-
Notifications
You must be signed in to change notification settings - Fork 457
Description
Git commit
- stable-diffusion.cpp version:
master-387-e4c50f1 - ggml submodule version:
55bc9320a4aae82af18e23eefd5de319a755d7b9(Nov 24, 2025)

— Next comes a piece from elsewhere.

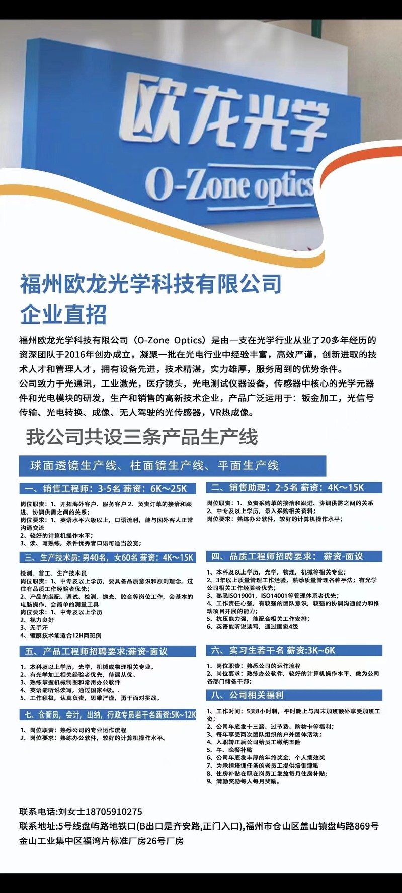 福州歐龍光學(xué)科技有限公司企業(yè)直招

Operating System & Version
macOS 15.7
GGML backends
Metal
Command-line arguments used
sd -m sd_xl_turbo_1.0.q8_0.gguf -p "blue house" --steps 1
Steps to reproduce
- Build stable-diffusion.cpp with Metal enabled:
git clone --branch master-390-edf2cb3 --depth=1 --recursive --shallow-submodules https://github.com/leejet/stable-diffusion.cpp.git
cd stable-diffusion
mkdir build
cd build
cmake .. -DSD_METAL=ON- Run image generation:
% ./sd -m sd_xl_turbo_1.0.q8_0.gguf -p "blue house" --steps 1
[INFO ] ggml_extend.hpp:69 - ggml_metal_library_init: using embedded metal library
[INFO ] ggml_extend.hpp:69 - ggml_metal_library_init: loaded in 0.012 sec
[INFO ] ggml_extend.hpp:69 - ggml_metal_device_init: GPU name: Apple M1
[INFO ] ggml_extend.hpp:69 - ggml_metal_device_init: GPU family: MTLGPUFamilyApple7 (1007)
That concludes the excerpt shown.